Task directions | Copy exactly the lines from the start of the material through the line with "Kensington SmartFit Ergo.". Pictures stay out of the copy.
** Opening Stored data block **
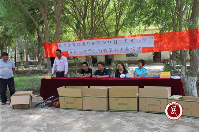 百年大计,教育为本。教育是立国之本,强国之基。工作组自住村以来主动联系,积极关注赛喀甫村小学的发展,在流感多发的季节,工作组来到学校走访慰问,送去了卫生消毒用品,并捐赠了现金让患流感严重的贫困孩子及时到医院接受治疗;当得知小学的教学楼新建项目还未开工,立即协调联系相关部门,促使项目开工建设;在儿童节来临之际,联合村两委为学校捐赠了价值数千元的爱心助学善款和相关物资,为贫困的学生购置相关的学习用品。
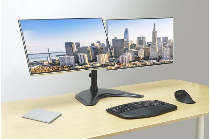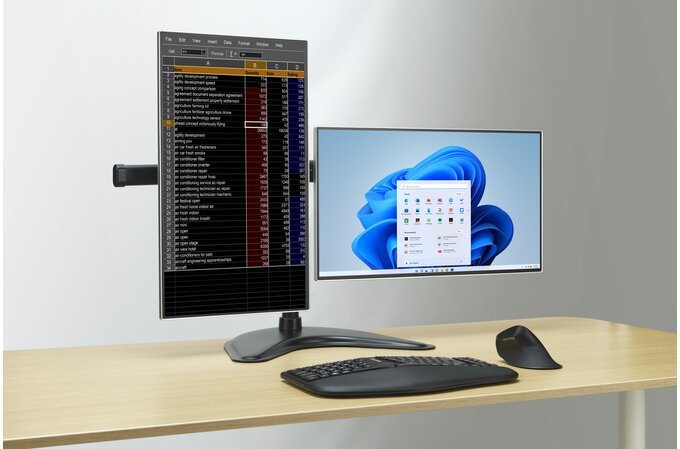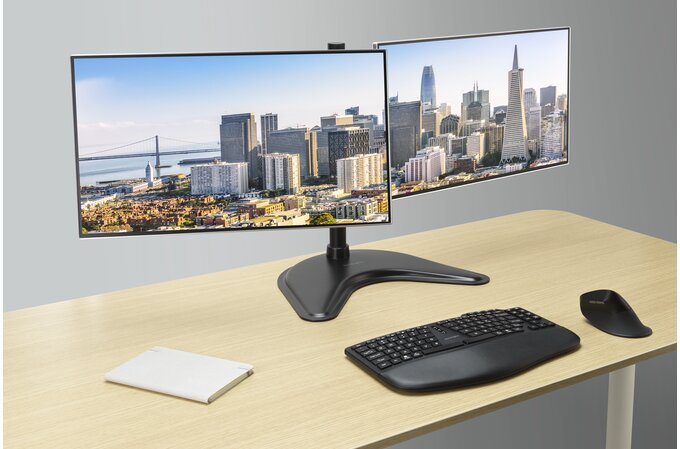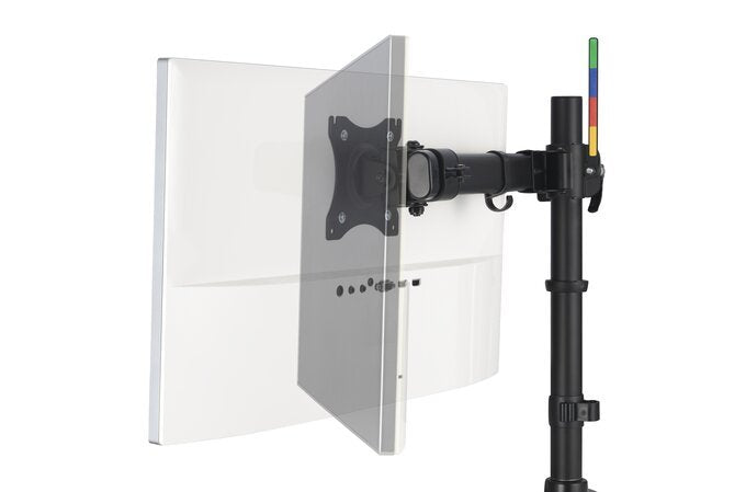 Kensington SmartFit Ergo. Montaje: Independiente, Capacidad máxima de peso: 20 kg, Tamaño máximo de pantalla: 68,6 cm (27"), Compatibilidad con interfaz de montaje (min): 75 x 75 mm, Compatibilidad con interfaz de montaje (max): 100 x 100 mm. Ajustes de altura, Ángulo de giro (alcance): -15 - 15°, Ángulo de inclinación: -45 - 45°. Color del producto: Negro
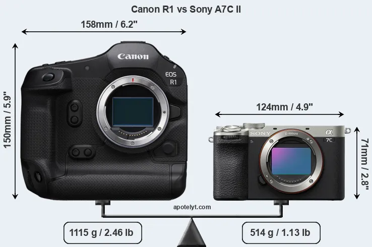 If the front view area (width x height) of the cameras is taken as an aggregate measure of their size, the Sony A7C II is considerably smaller (63 percent) than the Canon R1. Moreover, the A7C II is substantially lighter (54 percent) than the R1. In this context, it is worth noting that both cameras are splash and dust-proof and can, hence, be used in inclement weather conditions or harsh environments.
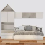 - El colchón se complementa con cojines en tonos neutros y mostaza, creando un ambiente acogedor. Perfecta para habitaciones infantiles, esta cama integra descanso, almacenamiento y diseño en una sola estructura funcional y moderna.
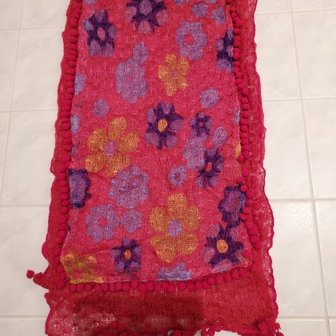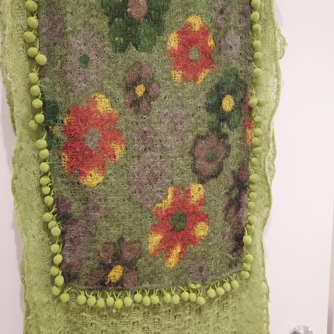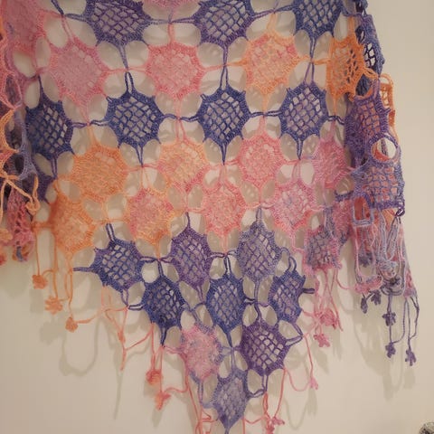 Sjalet er ca 100x140 stort og vevet i tynn myk ull
** Closing Stored data block **
Exercise solution |
 百年大计,教育为本。教育是立国之本,强国之基。工作组自住村以来主动联系,积极关注赛喀甫村小学的发展,在流感多发的季节,工作组来到学校走访慰问,送去了卫生消毒用品,并捐赠了现金让患流感严重的贫困孩子及时到医院接受治疗;当得知小学的教学楼新建项目还未开工,立即协调联系相关部门,促使项目开工建设;在儿童节来临之际,联合村两委为学校捐赠了价值数千元的爱心助学善款和相关物资,为贫困的学生购置相关的学习用品。
 Kensington SmartFit Ergo. Montaje: Independiente, Capacidad máxima de peso: 20 kg, Tamaño máximo de pantalla: 68,6 cm (27"), Compatibilidad con interfaz de montaje (min): 75 x 75 mm, Compatibilidad con interfaz de montaje (max): 100 x 100 mm. Ajustes de altura, Ángulo de giro (alcance): -15 - 15°, Ángulo de inclinación: -45 - 45°. Color del producto: Negro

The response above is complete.